Start of Data provided

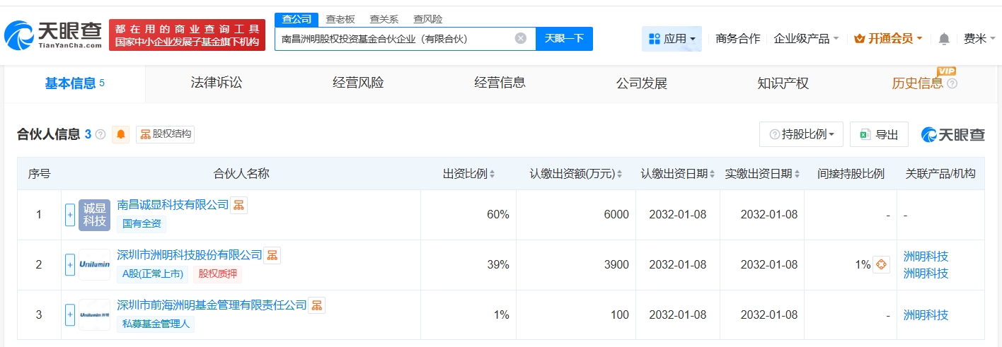 天眼查工商信息显示,1月15日,南昌洲明股权投资基金合伙企业(有限合伙)成立,执行事务合伙人为深圳市前海洲明基金管理有限责任公司,出资额1亿人民币,经营范围为以私募基金从事股权投资、投资管理、资产管理等活动。
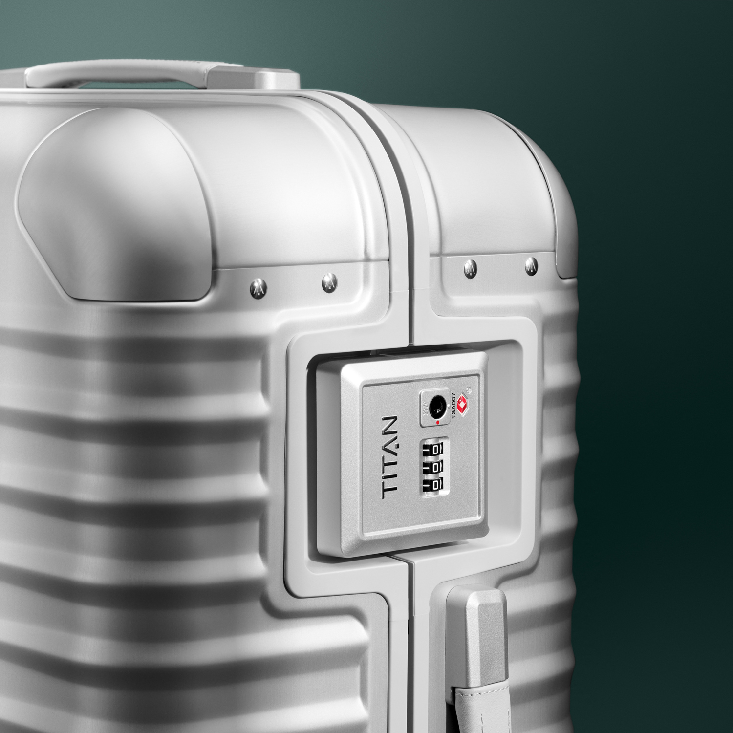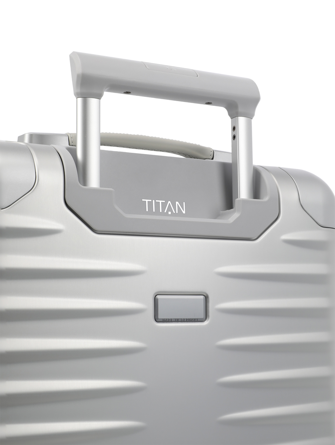 Einzigartiger TITAN Smart Frame im Aluminium-Gehäuse: kein Verbiegen bei hoher Drucklast . Mono-Lock für noch leichteres Handling beim Öffnen und Schließen des Koffers (bei S, bei M und L zwei Schlösser) à zwei extra große TSA-Schlösser für müheloses Handling beim Öffnen und Schließen des Koffers.Stufenlos verstellbarer Teleskopgriff, Griffe aus Echtleder, Innenfutter aus recyceltem Polyester mit hochwertiger Jacquard-Webung. Intelligente Innenaufteilung mit Mesh-Fächern und herausnehmbarer Packplatte, Packgurte in praktischer Y-Shape. Premium-Kugellager-Rollen. Produktspezifische Seriennummer. 10 Jahre Garantie, handgefertigt in Deutschland, 100 % Aluminium.
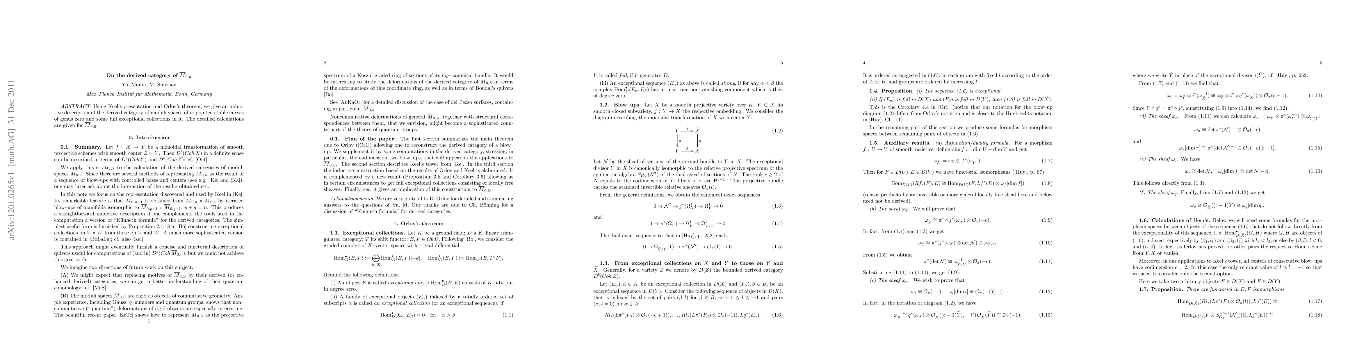 Using Keel's presentation and Orlov's theorem, we give an inductive description of the derived category of moduli spaces of $n$--pointed stable curves of genus zero and some full exceptional collections in it. The detailed calculations are given for $\bar{M}_{0,6}$.
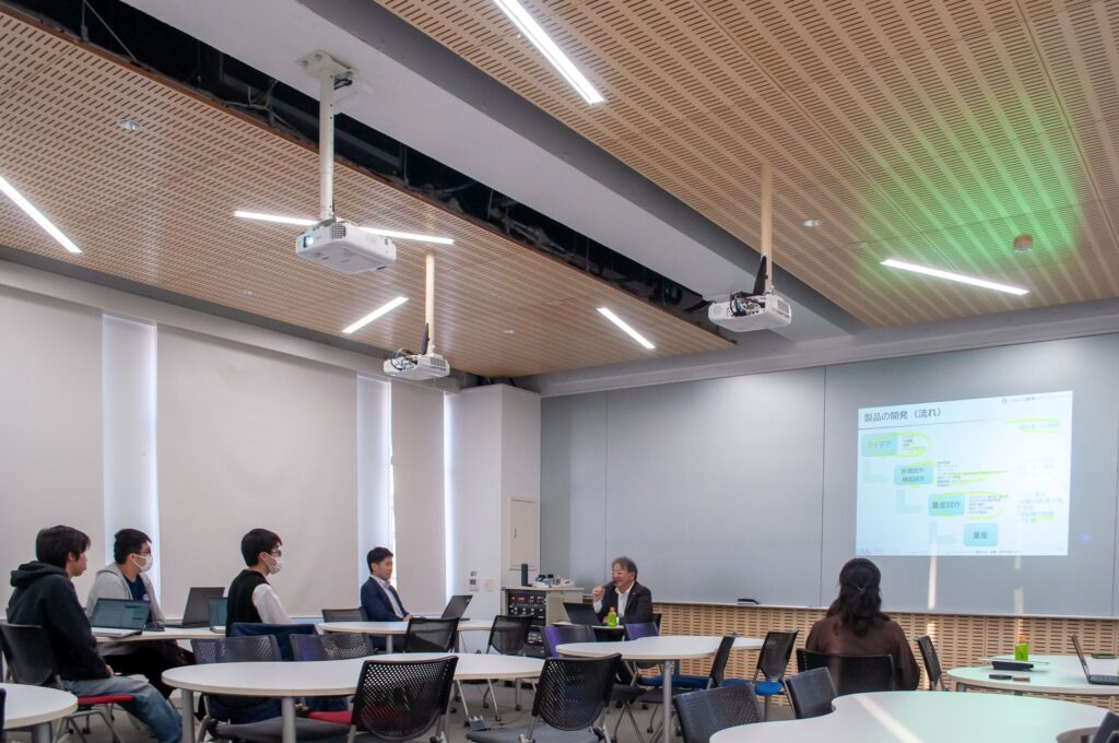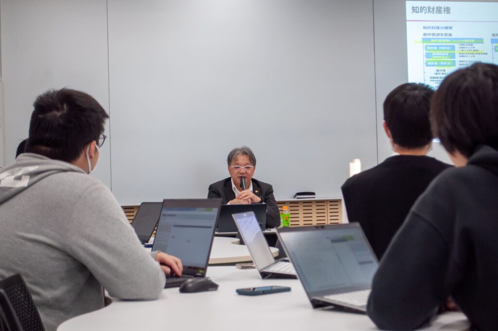 今回の焦点は、製造業の事業を技術者と協働しながら具体的にどのように実現するかという点にありました。講義では、単なるアイデア発想に留まらず、世の中の技術を効果的に探索し、事業機会を見出すための具体的な手法が紹介されました。開放特許の探し方、知的財産権の基礎知識、特許ロイヤリティやライセンス契約といった事業化の過程で必須となる専門知識について、具体的な事例も交えながら解説していただきました。
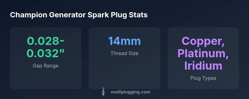 Choosing the right what spark plug for champion generator starts with the engine family and displacement. According to MultiPlugging, most Champion generators use small‑engine plugs with a typical gap of 0.028–0.032 inches. The exact heat range and thread size vary by model, so always cross-check the manual or the model code plate. This section explains the key factors that determine what spark plug for champion generator is correct for your unit. Understanding these nuances helps you avoid chronic starting issues, misfires, and suboptimal fuel efficiency. For DIY enthusiasts, nailing this choice up front saves time and money over the life of the generator.
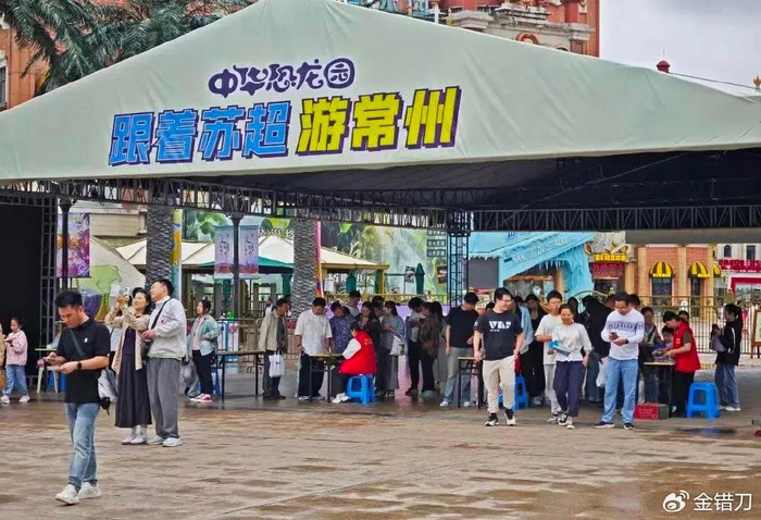 苏超期间常州哪儿都有恐龙:赛场上恐龙战队助威,景区里、大街上甚至地铁站里都有恐龙。
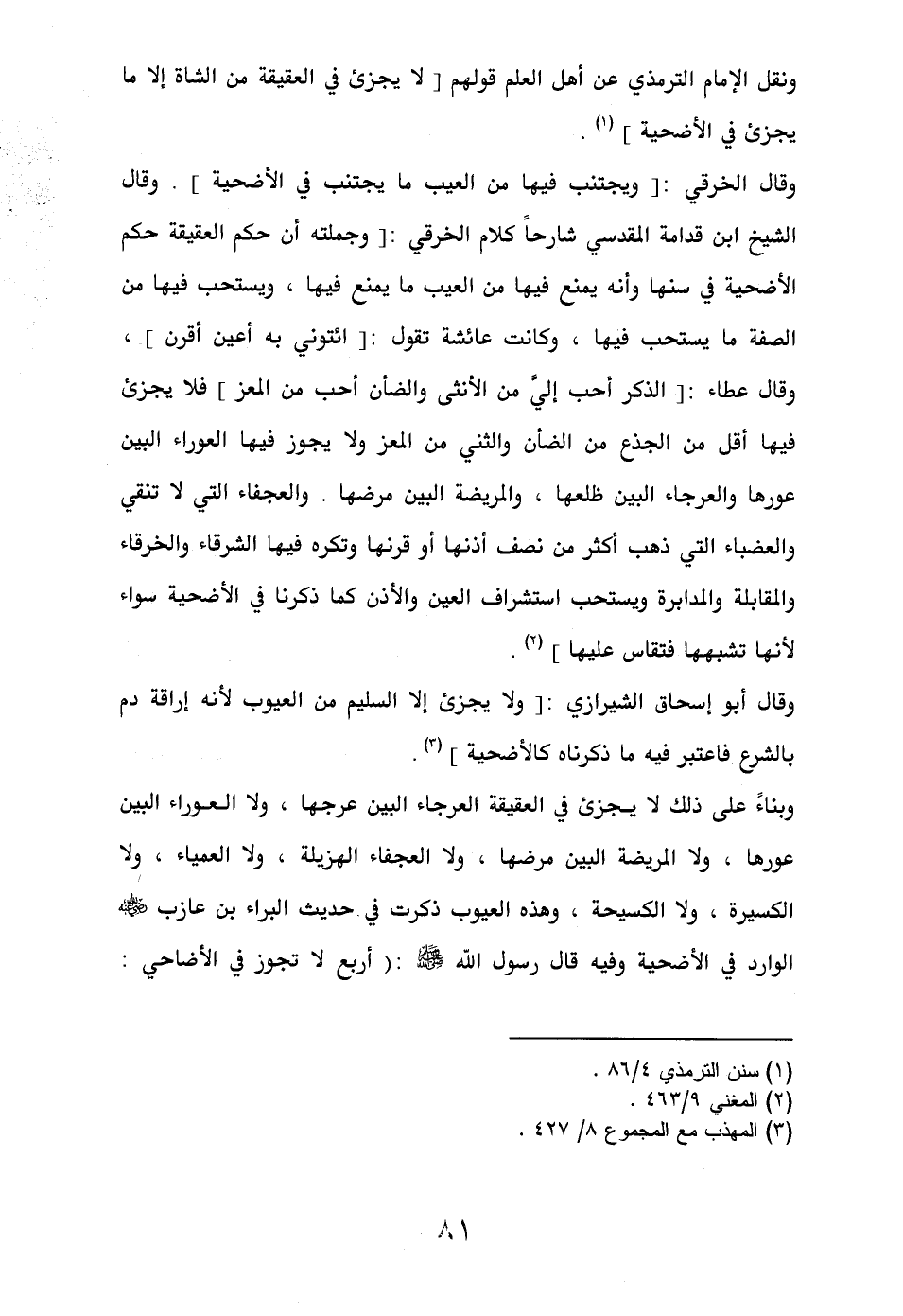 وقال الخرقي: [ويجتنب فيها من العيب ما يجتنب في الأضحية]. وقال الشيخ ابن قدامة المقدسي شارحاً كلام الخرقي: [وجملته أن حكم العقيقة حكم الأضحية في سنها وأنه يمنع فيها من العيب ما يمنع فيها، ويستحب فيها من الصفة ما يستحب فيها، وكانت عائشة تقول: [ائتوني به أعين أقرن]، وقال عطاء: [الذكر أحب إليَّ من الأنثى والضأن أحب من المعز] فلا يجزئ فيها أقل من الجذع من الضأن والثني من المعز ولا يجوز فيها العوراء البين عورها والعرجاء البين ظلعها، والمريضة البين مرضها. والعجفاء التي لا تنقي والعضباء التي ذهب أكثر من نصف أذنها أو قرنها وتكره فيها الشرقاء والخرقاء والمقابلة والمدابرة ويستحب استشراف العين والأذن كما ذكرنا في الأضحية سواء لأنها تشبهها فتقاس عليها] (¬2).

End of Data provided

Description of the task | Look above for the line with "今回の焦点は、製造業の事業を" and the line with "苏超期间常州哪儿都有恐龙:赛", then restate exactly those two lines and all lines between them, with no pictures.

Task answer |
 今回の焦点は、製造業の事業を技術者と協働しながら具体的にどのように実現するかという点にありました。講義では、単なるアイデア発想に留まらず、世の中の技術を効果的に探索し、事業機会を見出すための具体的な手法が紹介されました。開放特許の探し方、知的財産権の基礎知識、特許ロイヤリティやライセンス契約といった事業化の過程で必須となる専門知識について、具体的な事例も交えながら解説していただきました。
 Choosing the right what spark plug for champion generator starts with the engine family and displacement. According to MultiPlugging, most Champion generators use small‑engine plugs with a typical gap of 0.028–0.032 inches. The exact heat range and thread size vary by model, so always cross-check the manual or the model code plate. This section explains the key factors that determine what spark plug for champion generator is correct for your unit. Understanding these nuances helps you avoid chronic starting issues, misfires, and suboptimal fuel efficiency. For DIY enthusiasts, nailing this choice up front saves time and money over the life of the generator.
 苏超期间常州哪儿都有恐龙:赛场上恐龙战队助威,景区里、大街上甚至地铁站里都有恐龙。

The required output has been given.